Since there are already many correct and rigorous answers, I'll just mention a simple way of thinking about this.

Notice that the multiplication of two complex numbers is essentially about adding the angles of complex numbers and multiplying their magnitudes. In order to find the same structure among matrices, what's the most natural choice?
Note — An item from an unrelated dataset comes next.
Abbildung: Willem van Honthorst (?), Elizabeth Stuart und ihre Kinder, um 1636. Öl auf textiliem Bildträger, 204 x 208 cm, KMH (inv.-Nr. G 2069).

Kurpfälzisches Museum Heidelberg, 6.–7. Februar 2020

When multiplying two $2\times2$ rotation matrices, you get another rotation matrix which is merely the rotation matrix corresponding to the sum of angles. That is $R(\theta) R(\phi) = R(\theta+\phi)$ . Note that it only works with $2$ dimensional rotation matrices. In $3$ dimensions, the rotation matrices do not commute. We also wish to encode the information about length of the complex number in these matrices. How do we do that? Just multiply it by a scalar of the length of complex number.
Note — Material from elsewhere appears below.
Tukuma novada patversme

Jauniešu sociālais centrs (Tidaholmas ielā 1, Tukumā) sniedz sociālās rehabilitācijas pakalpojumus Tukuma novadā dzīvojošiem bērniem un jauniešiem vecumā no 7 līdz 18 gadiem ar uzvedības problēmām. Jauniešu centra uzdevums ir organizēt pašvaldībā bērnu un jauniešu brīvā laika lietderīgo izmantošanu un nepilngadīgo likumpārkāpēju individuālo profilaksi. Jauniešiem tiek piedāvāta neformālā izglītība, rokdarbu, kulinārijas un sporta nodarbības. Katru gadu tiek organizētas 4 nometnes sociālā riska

$r R(\theta) = \begin{bmatrix} r\cos \theta & -r\sin \theta \\ r\sin \theta & r\cos \theta \end{bmatrix} $

So a rotation matrix (having the same angle as complex number) multiplied by a scalar equal to the length of the complex numbers is precisely that complex number (in terms of matrices). It is precisely the matrix in your problem statement (just identify $a$ and $b$ appropriately). You just need to check whether the addition also works fine with it. But that's trivial.